На своем веку Кидд перевидал немало кораблей, готовящихся к выходу в море, поэтому его нисколько не удивила царившая на палубе суматоха. Вслед за Джиндлером он прошел на корму, в капитанскую каюту. Джиндлер постучал, послышался раздраженный рев, разрешавший войти.
– Мистер Кидд, сэр, – сказал Джиндлер и, заметив непонимающий взгляд капитана, пояснил: – Сверхштатный член команды.
Капитан, смерив Кидда неприятным суровым и одновременно проницательным взглядом, проворчал:
– Мистер Кидд, я к вашим услугам, – и опять уставился в лежащие перед ним бумаги. – Отведите его в четвертую лейтенантскую каюту.
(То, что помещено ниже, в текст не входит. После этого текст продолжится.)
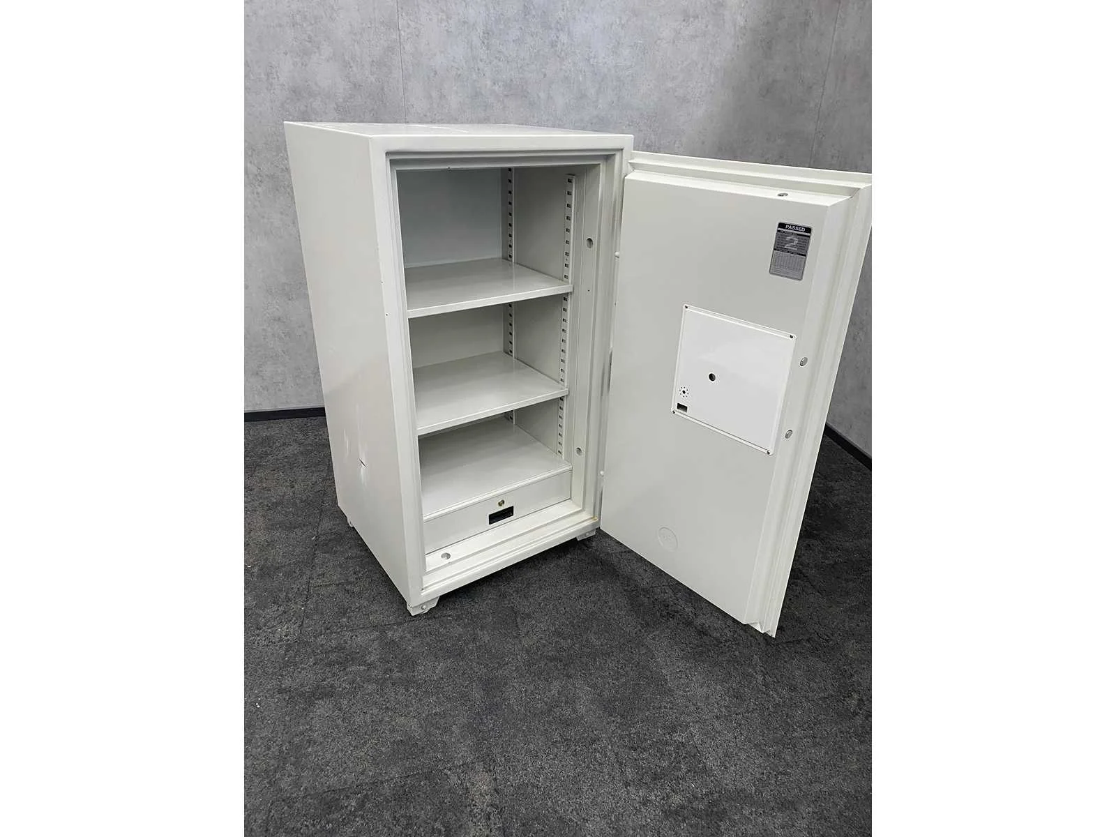 Afm. ca. hxbxd 136x74.5x74.5 cm. ---- sleutel van binnenlade ontbreekt. ---- code niet gebruiken, sleutel aanwezig --- gewicht onbekend Nee

Он освобождается от несения вахты, – распорядился капитан, не поднимая головы.
С трудом пробираясь между матросами, – одни суетились возле талей ворота и веревок, другие сворачивали парусину, а третьи складывали ядра, – они добрались до кормового люка.
– Боюсь, Том, мне придется оставить вас, дела. Я проведу вас до кают-компании. Уверен, капитан Тракстон захочет поговорить с вами, как только освободится.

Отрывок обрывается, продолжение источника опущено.